Russian Federation Senator from Stavropol Krai
- Incumbent
- Assumed office 11 November 2020
- Preceded by: Sergey Melikov
- In office 17 August 2012 – 27 September 2019
- Preceded by: Yelena Sagal
- Succeeded by: Sergey Melikov

Deputy Chairman of the Government of Stavropol Krai
- In office 1 November 2019 – 11 November 2020
- Preceded by: Irina Kulvaldina
- Succeeded by: Sergey Durbovin

Member of the Duma of Stavropol Krai
- In office 12 April 2001 – 17 August 2012

Personal details
- Born: Mikhail Aleksandrovich Afanasov 15 June 1953 (age 72) Yessentuki, Russia, Soviet Union
- Party: United Russia

= Mikhail Afanasov =

Russian politician (born 1953)

Mikhail Aleksandrovich Afanasov (Михаил Александрович Афанасов; born on 15 June 1953), is a Russian politician, and economist, who is currently the Senator from Stavropol Krai on Executive Authority since 11 November 2020.

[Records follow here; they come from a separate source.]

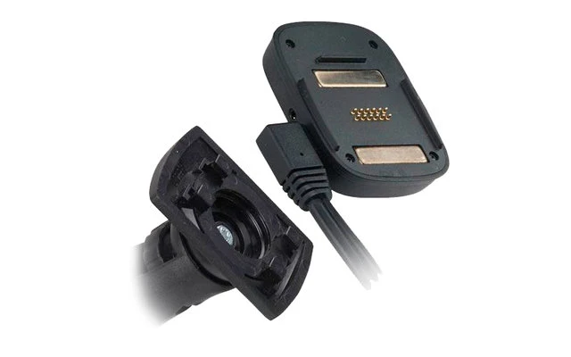 – Montage mittels aktiver Magnethalterung an der Windschutzscheibe: Bei Entnahme müssen vom Navi keine Kabel mehr abgezogen werden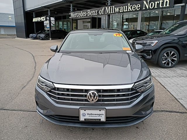 Dealer Maintained, Local Trade, Discover the perfect blend of style, efficiency, and advanced technology with this 2019 Volkswagen Jetta 1.4T SE in stunning Platinum Gray Metallic with a refined Titan Black interior, available now at Volkswagen of Milwaukee North. This sleek sedan delivers impressive fuel economy and responsive performance thanks to its turbocharged 1.4L engine, making it an ideal choice for commuting through Milwaukee or weekend road trips across Wisconsin. The SE Package adds premium features like a panoramic sunroof, heated front seats, Blind Spot Monitor, Apple CarPlay® and Android AutoTM integration, and advanced safety technology for enhanced confidence on every drive. With its bold exterior styling, spacious cabin, and renowned German engineering from Volkswagen, this 2019 Jetta 1.4T offers exceptional value and modern comfort. Visit Volkswagen of Milwaukee North today to test drive this well-equipped, fuel-efficient sedan and experience why the Jetta remains a top choice among drivers in the Milwaukee area., Titan Black w/Perforated V-Tex Leatherette Seat Trim. Odometer is 36344 miles below market average!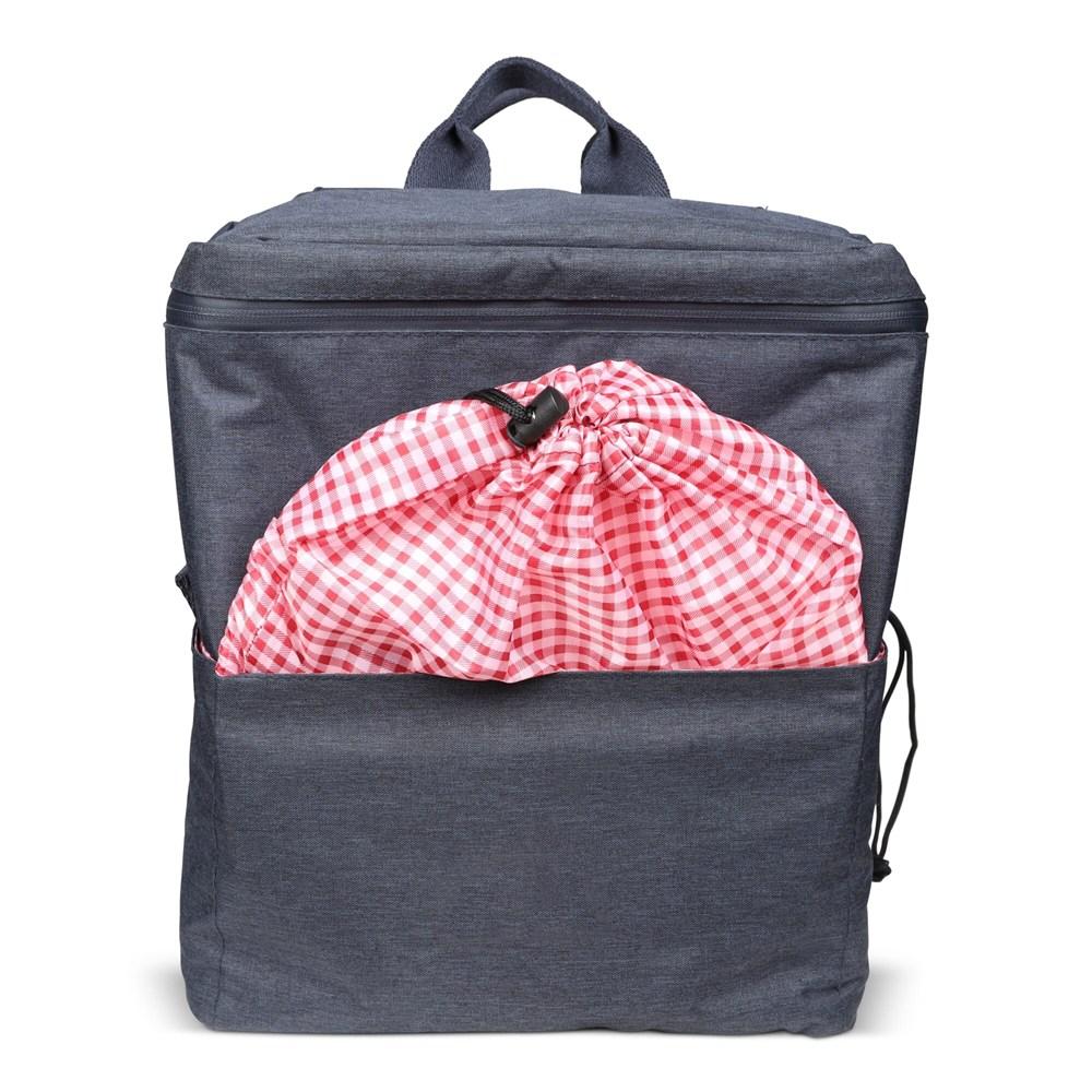Elevate your brand visibility with our customizable Double Bicycle Picnic Pannier, crafted from sustainable heather R-PET material. Ideal for marketing professionals and event organizers, this versatile pannier features an insulated compartment on one side to keep food and drinks refreshingly cool, while the other side accommodates a complete tableware set for four. A dedicated pocket securely holds a wine bottle, and the stylish checkered lining adds a premium finish.

As he already served as the Senator from 2012 to 2019, he served as the Deputy Chairman of the Government of the Stavropol Krai from 2019 to 2020.

He is a PhD in economics in 2004.

==Biography==

Mikhail Aleksandrovich Afanasov was born on 15 June 1953 in the city of Yessentuki, Stavropol Krai.

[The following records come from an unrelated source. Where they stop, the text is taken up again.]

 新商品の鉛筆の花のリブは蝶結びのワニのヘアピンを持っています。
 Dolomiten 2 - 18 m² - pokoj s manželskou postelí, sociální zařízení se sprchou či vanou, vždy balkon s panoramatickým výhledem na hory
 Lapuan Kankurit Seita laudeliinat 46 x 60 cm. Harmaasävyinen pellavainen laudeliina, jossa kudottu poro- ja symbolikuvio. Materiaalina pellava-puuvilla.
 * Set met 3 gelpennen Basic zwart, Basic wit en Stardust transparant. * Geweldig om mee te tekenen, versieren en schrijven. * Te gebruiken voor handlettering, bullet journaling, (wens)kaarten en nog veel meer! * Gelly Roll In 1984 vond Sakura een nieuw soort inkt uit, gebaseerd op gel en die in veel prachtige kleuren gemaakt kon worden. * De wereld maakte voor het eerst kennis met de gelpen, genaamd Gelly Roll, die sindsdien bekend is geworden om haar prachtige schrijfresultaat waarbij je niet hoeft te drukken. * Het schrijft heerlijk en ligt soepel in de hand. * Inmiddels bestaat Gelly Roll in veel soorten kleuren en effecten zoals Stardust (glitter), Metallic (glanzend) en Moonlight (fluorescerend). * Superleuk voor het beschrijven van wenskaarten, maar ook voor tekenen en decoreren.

In 1979, he graduated from the Stavropol Agricultural Institute with a degree in economist-organizer of agricultural production.

He started his professional career as a car mechanic, then worked as an engineer and site manager.

In 1995, he founded the production and financial group of companies "MiG" in Yessentuki, and took the position of chairman of the board of directors in it.

In 2001, he was elected to the Duma of Stavropol Krai of the 3rd convocation, and in 2007, during the elections to the Duma of the 4th convocation, his single-mandate constituency became the only one in the region where the regional list of United Russia received more votes than the list of A Just Russia ". As a member of parliament, he served on the Committee on Budget, Taxes and Financial and Credit Policy. He was awarded with a medal and a diploma of the laureate of the V. Svyatoslav Fedorov "For noble thoughts and worthy deeds" in May 2002, and the medal "For services to the Stavropol Territory", "Tersk Cossack Cross of General Ermolov", and the honorary medal "For achievements in environmental protection.".

He received a PhD in economics in 2004, as he defended his thesis in 2004 at the Moscow Institute of Management, Economics and Finance of the State Technical University.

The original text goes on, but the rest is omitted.